The clear road is from passing not being passed...I actually don't remember anyone passing me from the start to finish. Just as we got to the second feed station my cam batteries went all sad but with a tail-wind that was picking up strength the packs I was joning were sitting in the mid to high 40's so in the back pocket it stayed. I must say that we had great conditions...the wind picked up as the morning progressed but I never remember it being a cruel wind. I made the finish in about 4 and a half hours riding (about an hour slower than the pros did it later in the day.
I managed to score a lift back to Adelaide and we stopped on by the Feed Station at Strathalblyn on the way home for some more food, a stretch and a chance to see whether Lance took a better line than me through the corner.
Too tight man!!!
By the time I got back to Adelaide there was barely time to change over wheels on the Trek and head down to my Crit race. The weather had significantly warmed up by the afternoon and the sun was hot. I was racing Masters in a combined C,D and E grade and made sure I was in the correct start group this time.
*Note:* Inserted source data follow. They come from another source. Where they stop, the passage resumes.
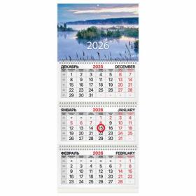 Календарь квартальный 2026 г., 1 блок, 1 гребень, магнитный курсор, мелованная бумага, BRAUBERG, "Озеро", 116916
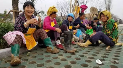《綠化娘子軍的早餐》,在忻州一中北校區(qū),戰(zhàn)斗了一個(gè)早晨,搶時(shí)間、搶速度進(jìn)行植樹的康培綠化公司的娘子軍在吃早飯,補(bǔ)充體力。(黃濤 攝)
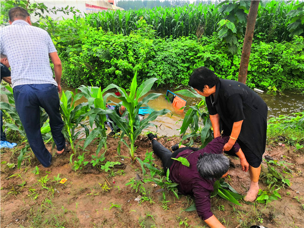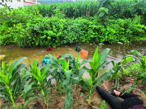 7月26日,連續(xù)多日的降雨已導(dǎo)致農(nóng)村坑滿河平、積水頗深。當(dāng)日下午4時,依然時雷聲陣陣、雨如豆粒,二人在宜路鎮(zhèn)張寨村小學(xué)附近的玉米田間拍照核查“圖斑”時,看到一輛車箱內(nèi)載有幾位老人的電動三輪車冒雨從路邊疾駛過去。緊接著聽到“撲通”一聲,趙文波、李偉二人立即意識到是三輪車掉進(jìn)路溝、落水了。
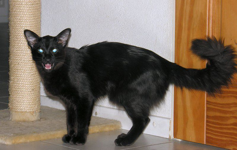 Буревестник - это худой костистый кот. Окрас черный. Под шерстью пробегают бугры сухих мышц. Он был бы действительно красив собой, если бы не костлявость и сильная худоба. Тонкие печальные черты его морды обрамляет пушистый загривок. Грудь, живот, уши, нижняя часть хвоста и лапы имеют более яркий выраженный цвет, вся остальная шерсть более темного оттенка. Уши тонкие, резко подняты вверх и имею скос, украшены двумя кисточками. Нос темно-розовый, усы и брови угольно-чёрного цвета. Прикус правильный, но клыки немного выдаются вперед, совсем немного обнажаясь, особенно это видно, когда кот скалится. Глаза ярко-голубые, большие и пристальные, льдинистые. Взгляд ехидный и неприятный. В его облике есть что-то жестокое и пугающее. Хвост пушистый и гибкий, настоящее украшение для своего владельца. Благодаря своему небольшому весу легко разгоняется и стремительно атакует. Хорош на короткие дистанции. Лапы изящные и тонкие, позволяют делать огромные скачки, скользить по земле легко и быстро, словно змея. Гордо расправленные плечи, прямая осанка и лёгкие гармоничные движения отождествляют Буревестника с незаметной тенью. Концы ушей чуть заострены, сами уши подняты вверх, вдобавок обрамлены аккуратными кисточками. Пышные угольного цвета усы щедро разбросаны в разные стороны, что придаёт его натуре некоторый шарм. Шерсть роскошная, густая, полу-длинная, способная защитить владельца от суровых морозов. Тело изящное, движения грациозны. Походка легкая и непринужденная. Подушечки на лапах черные, без единого светлого пятнышка
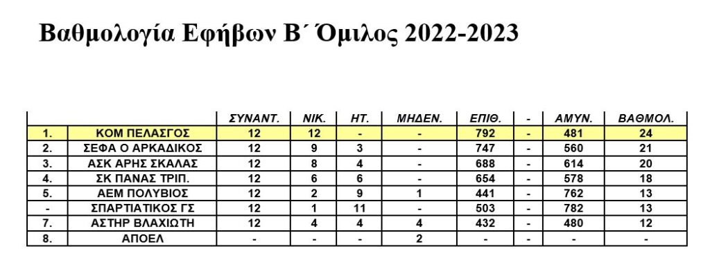 Το τελευταίο εξ αναβολής παιχνίδι έδωσε το εφηβικό τμήμα του ¨ΠΕΛΑΣΓΟΥ¨ στην Τρίπολη με το αντίστοιχο του ¨ΑΡΚΑΔΙΚΟΥ¨ αργά το βράδυ της Τετάρτης 29/3/2023.
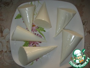 Творожная масса получается жидкой и в кулечки ее заливаем половником. Внимание, лучше лить на стенку где нет стыка, чтобы масса не затекала, куда не нужно. И отправляем нашу первую заготовку в холодильник на 1,5 часа. Затем аккуратно подрезаем скотч (лучше канцелярским ножом) и достаем творожные вершинки. Заготовки отправляем обратно в холодильник.
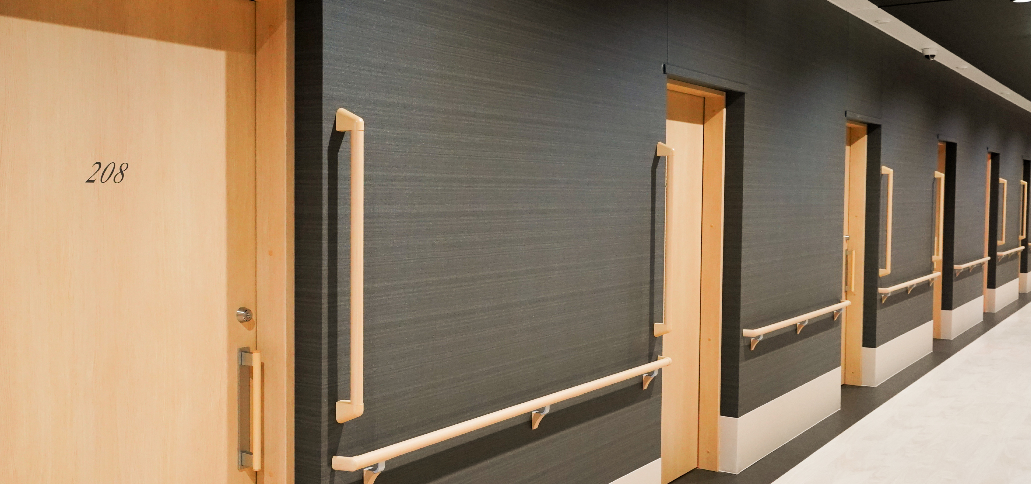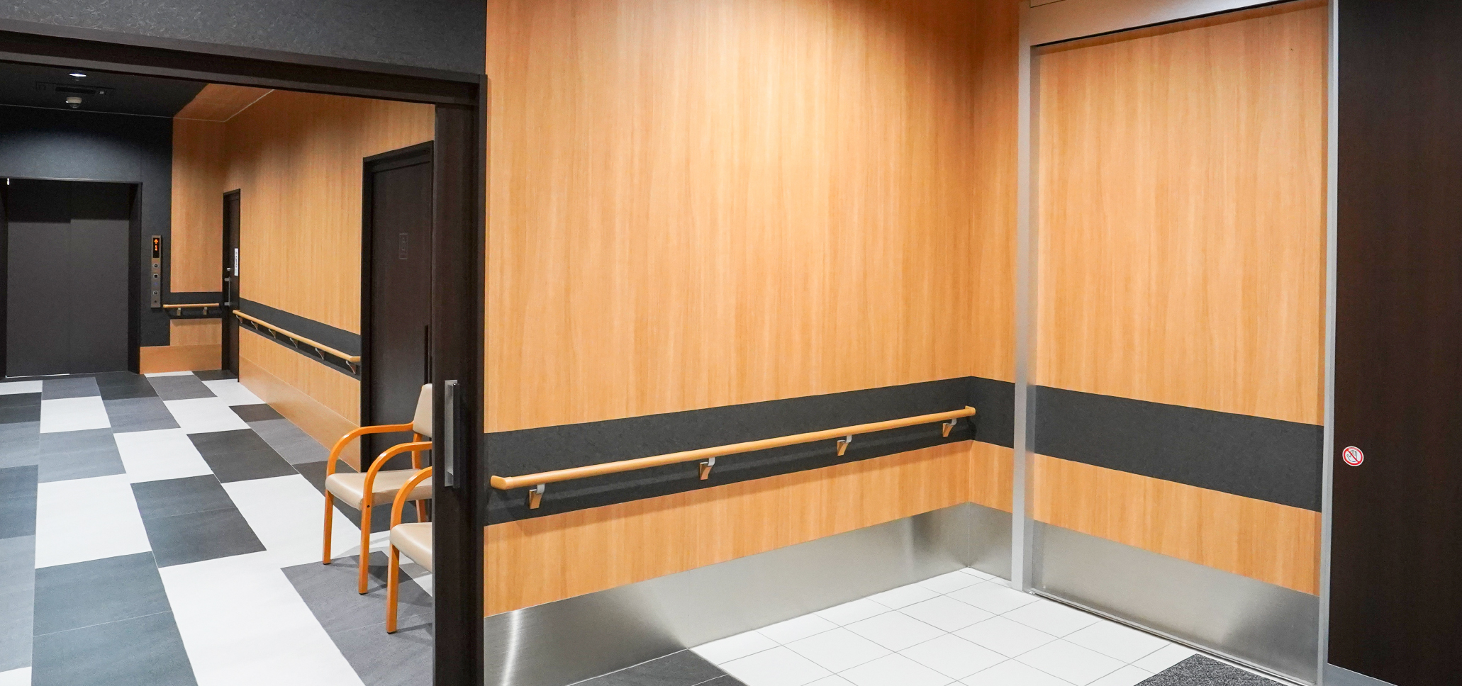 エレベーターにいる時間もリラックスできるよう、壁紙には桜の模様をあしらいました。
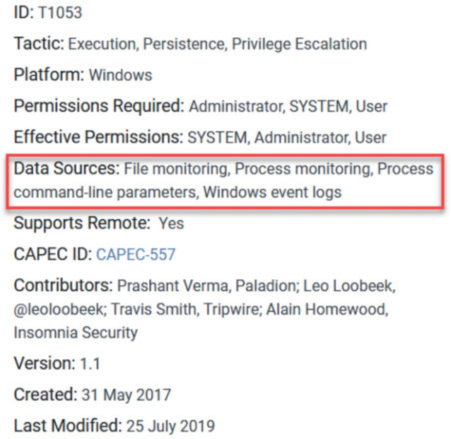要确定安全团队缺失哪些重要数据源,首先需要使用 MITRE 提供的 API 或 GitHub 上的其他开源工具,提取有用的技术或整个框架的数据源信息。在此基础上,再去了解安全团队有权访问的数据源,以及有权访问这些数据源的用户组和系统,这样可以发现对于关键攻击技术在数据收集和数据可见性方面存在的差距。例如,收集的威胁情报表明,计划任务技术是攻击组织使用的主要技术,想要知道安全团队是否可以检测到它,在ATT&CK框架中列出的该技术的数据源——文件监控、进程监控、进程命令行参数和 Windows 事件日志可以提供答案,如下图展示了计划任务技术的数据源。如果安全团队没有这些数据源,或者只有环境中的部分系统有这些数据源,那么安全团队需要优先考虑改善这个重要数据源缺失的问题。
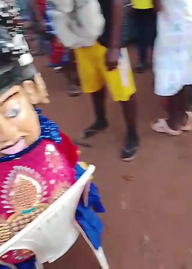 A bizarre, handmade costume appears to be resting on a white plastic chair, surrounded by several people, their legs and feet visible. The costume's centerpiece is a large, painted face with bulging eyes and a protruding tongue, adorned with a red and blue sequined collar and an embroidered bodice-like element. The top of the costume features other smaller figurines, including one in white with hands clasped in prayer. The ground is dirt, and the surrounding people seem to be casually dressed, suggesting an outdoor or semi-outdoor event.
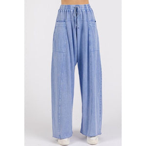 The Mineral Wash Elastic Waist Barrel Leg Baggy Pants are a trendy and comfortable choice for casual wear. The mineral wash gives them a unique and vintage look. The elastic waistband ensures a relaxed and adjustable fit. With a barrel leg design, these pants offer a stylish and laid-back vibe. Pair them with a simple top and sneakers for a cool and effortless outfit.
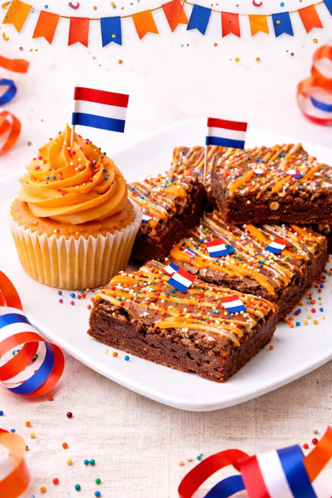 Zowel de cupcakes als de brownies worden feestelijk versierd in oranje & rood-wit-blauw 🇳🇱

It was an L shaped course, fast wide corners and only one small section into the now strong Southerly wind (Glad that arrived later rather than earlier on our trip South this morning.) But there were about thirty in my race which made the corners seem very narrow sometimes. I took some photo's of the Women's race after mine.
There are more pics on my Facebook.
In a twenty minute Crit on a tight circuit you have to make sure you're up near the front all the time and I tucked into around eighth place as we lapped. Each time someone attempted a break it was swallowed up within the lap so I was looking for big legs to get behind. Mine felt surprisingly good...i must remember to do a longer training ride on the mornings before races in future :-) Two laps to go and I surged up to top five but everyone was trying to do the same and it got physical at times trying to protect your spot. I went to the front with over a lap to go, but that was just to see who was serious....they all were dammit and there were still 25 in with a chance as we got the bell. I moved as far back as about 8th on the back straight but out braked several of them on the last corner for the sprint and came out third wheel. Half way down the straight I sensed a fast wheel on my right just as the guy in front of me slowed so i went left down the barriers....but so did the slow guy so I was baulked and just squeezed past him..I just got back on the fast man's wheel as we hit the line...second spot...first loser eh!!
Quite happy with my day's achievements actually!!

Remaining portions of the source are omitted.